Use a targeted direct mail or email list to improve your response rate.  Internal lists are best because prospects and customers are familiar with you, and you control the frequency and reliability of the data.  Using the help of a list broker or agency, however, may be needed if your internal list is too small or won’t provide the target number of expected responses.  Generally speaking, the more targeted your audience is, the smaller the list size will be, and the more costly it will be to rent.

Use artwork, images, and wording that reflect your brand.  Branding should be aligned with corporate standards and program offering.  Images should be balanced with text and white space.

Your direct mail or email should include the basics:

  • Contact information
  • Subject line that grabs attention*
  • Call-to-action
  • Sharing options
  • Website or URL for more information
  • Social media sites where you have a presence
  • Special offer or spiff to help increase response rates.

* To grab your reader’s attention, consider a subject line that peeks curiosity, inspires emotion, extends a timely offer, or raises a question.
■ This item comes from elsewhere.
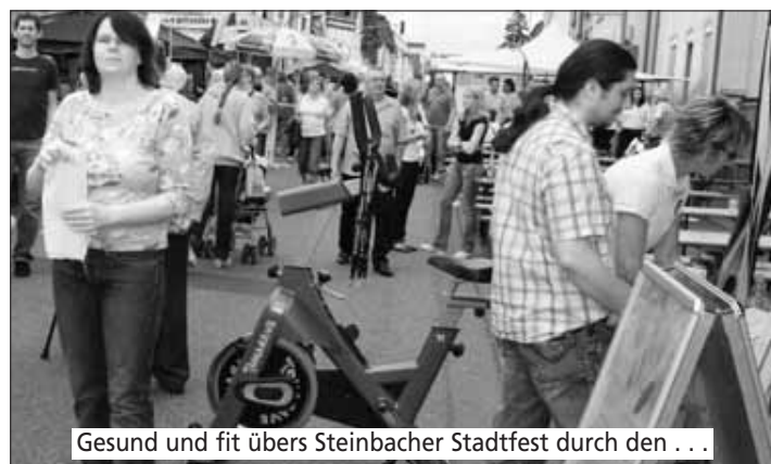
Gesund und fit übers Steinbacher Stadtfest durch den ...

If undertaking a nurture or trigger campaign, consider using a consistent subject line or subject prefix to allow the user to search for your information more easily in their inbox.  Be aware, however, that a consistent subject line may lead to lower open rates over time because the information sent is more predictable such as a weekly newsletter.1

Ensure your message is targeted to the specific needs of your audience.2  For email campaigns, personalizing your message will improve open rates and improve click-through rates.  Open rates are influenced by subject line and who the message is from, so avoid generic ‘reply from’ email addresses when possible.3  Remember: Users may see your email in their email preview pane, skewing the open response rate, so be sure to consider how your message is rendered.

For direct mail pieces, your messaging should be directed to your target audience’s needs.  You can still customize your letter or piece by ensuring it’s addressed to the right person as opposed to a generic address like “Business owner” or “Household member.”  Many of the same principles apply to direct mail as it does to email.  With only a few seconds to grab your reader’s attention, make sure your message is relevant, timely, and interesting. How?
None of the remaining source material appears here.